--- RECORDED INFORMATION ---

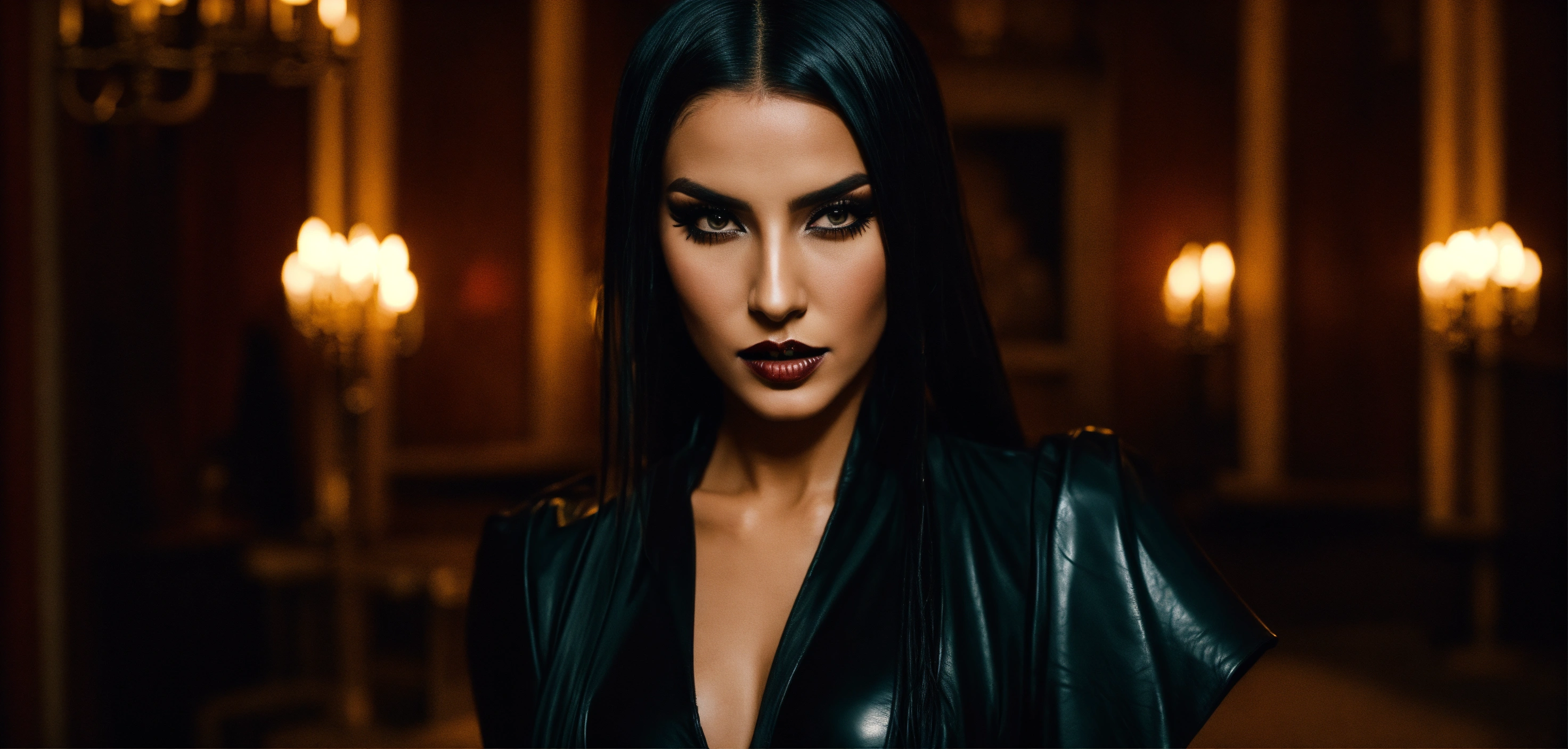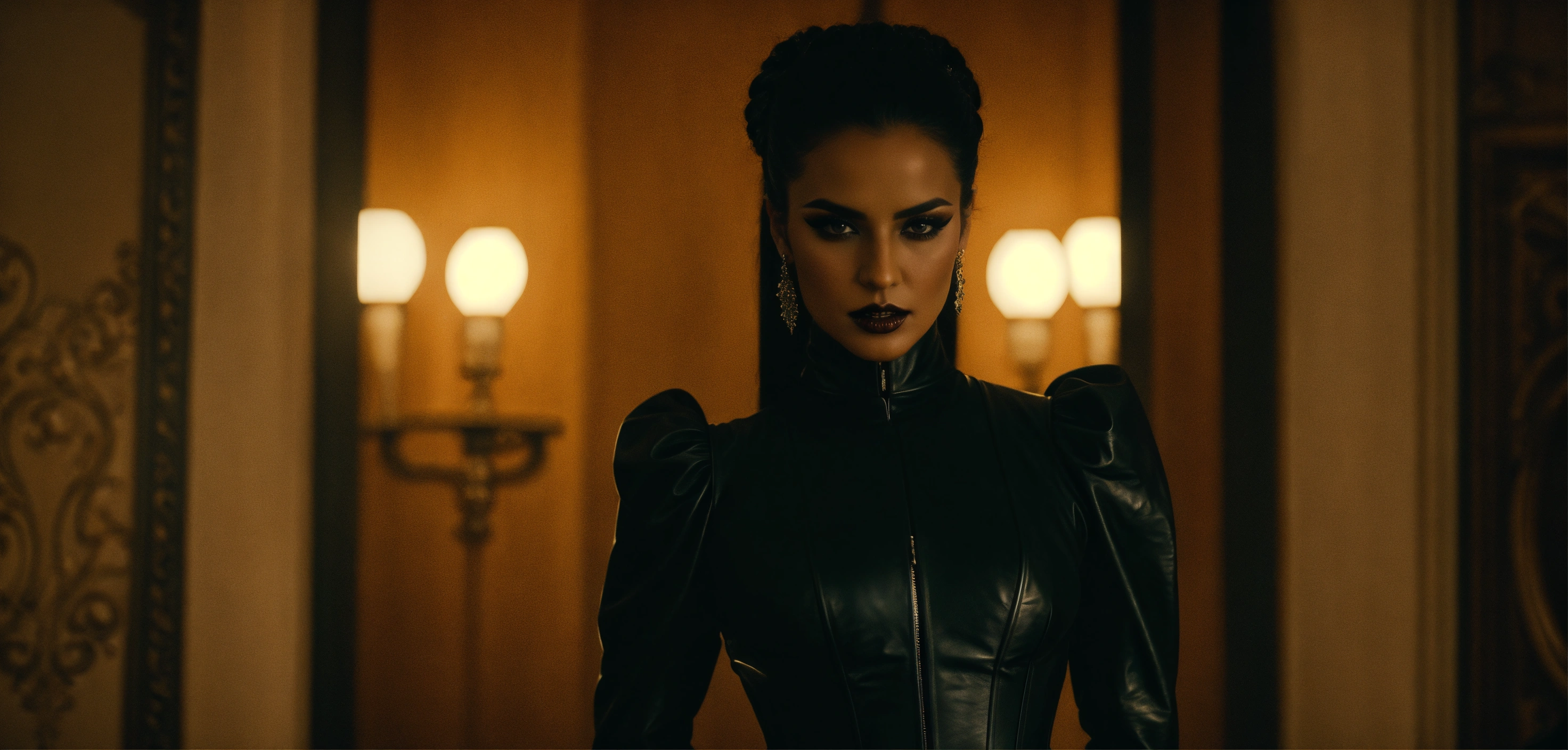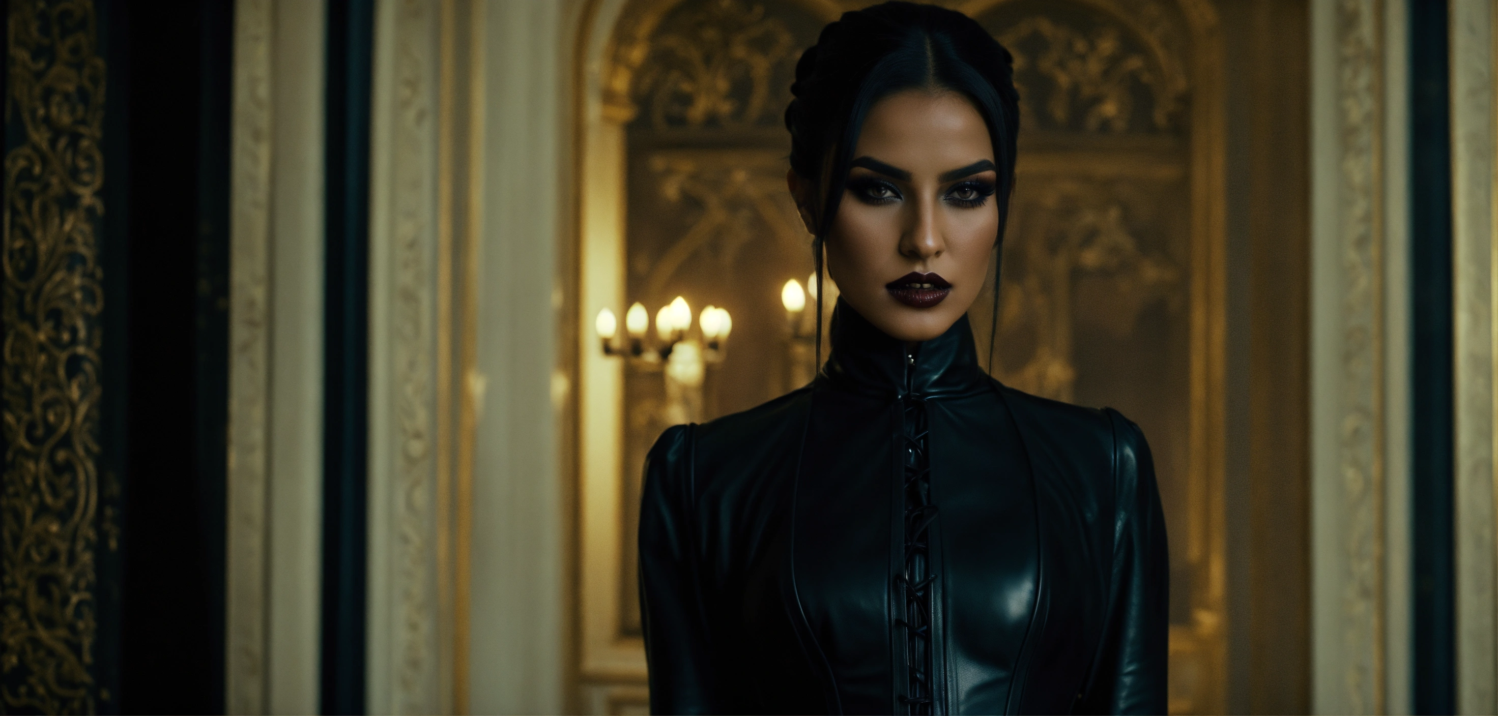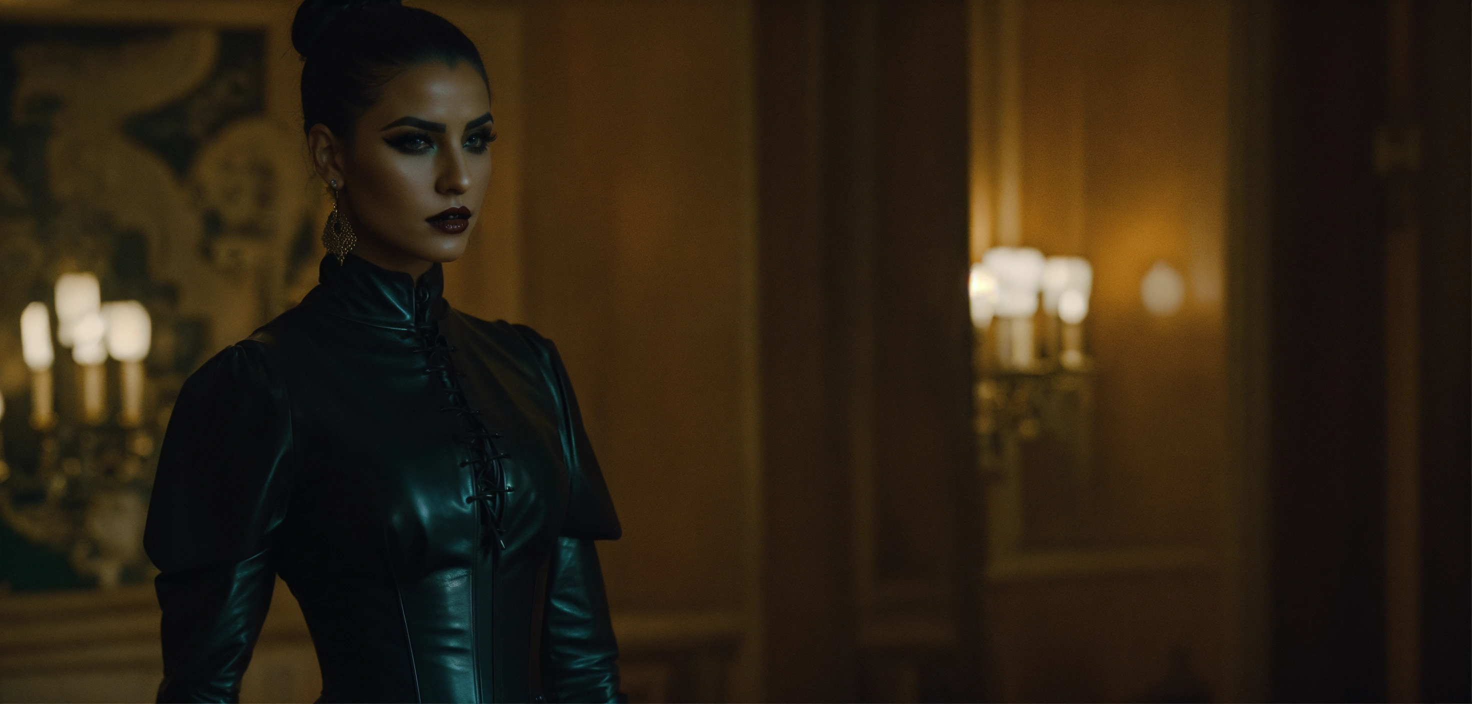 Lighting from the front, cinematic vampire underworld movie look, stunning dominant arab woman fashion model, head slightly tilted, looking arrogant, straight black high ponytail hair, eyeliner makeup, strict black leather dress with big long puff sleeves, black leather waist corset, french mansion room by night, haze
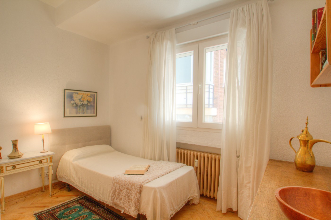 Bright and spacious 5th floor for sale in one of the best areas of Madrid, with perfect orientation towards the low-rise houses in the best residential neighborhood in Madrid. With windows to the north and east it achieves cross ventilation. It has three bedrooms, a spacious living room, a dining room attached to the liv...
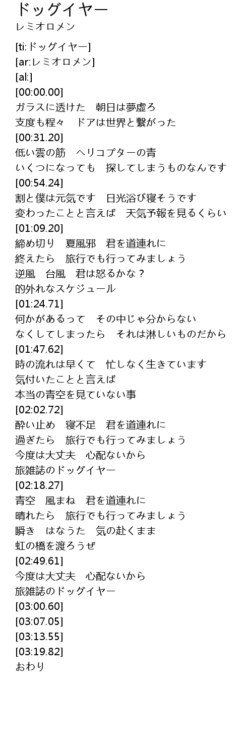 | [02:53.71] | 旅雑誌のドッグイヤー |
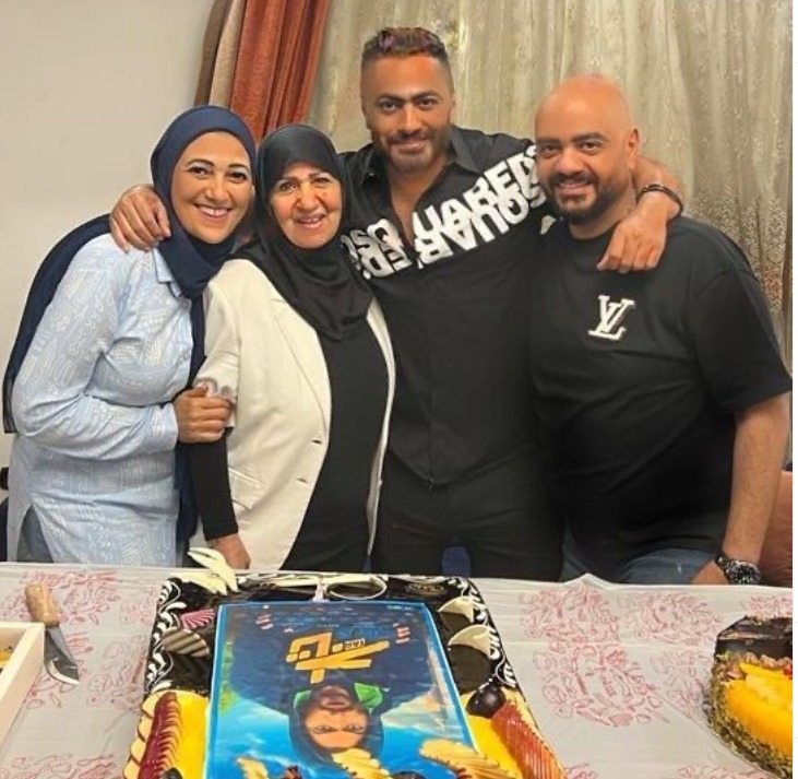 فى غياب أولاده.. أسرة تامر حسنى تحتفل بعيد ميلاده

---

• WHAT YOU WILL DO
Restate word for word the lines running from the first line of the material to the line containing "Bright and spacious", inclusive, and drop every picture.

• ANSWER BOX
 Lighting from the front, cinematic vampire underworld movie look, stunning dominant arab woman fashion model, head slightly tilted, looking arrogant, straight black high ponytail hair, eyeliner makeup, strict black leather dress with big long puff sleeves, black leather waist corset, french mansion room by night, haze
 Bright and spacious 5th floor for sale in one of the best areas of Madrid, with perfect orientation towards the low-rise houses in the best residential neighborhood in Madrid. With windows to the north and east it achieves cross ventilation. It has three bedrooms, a spacious living room, a dining room attached to the liv...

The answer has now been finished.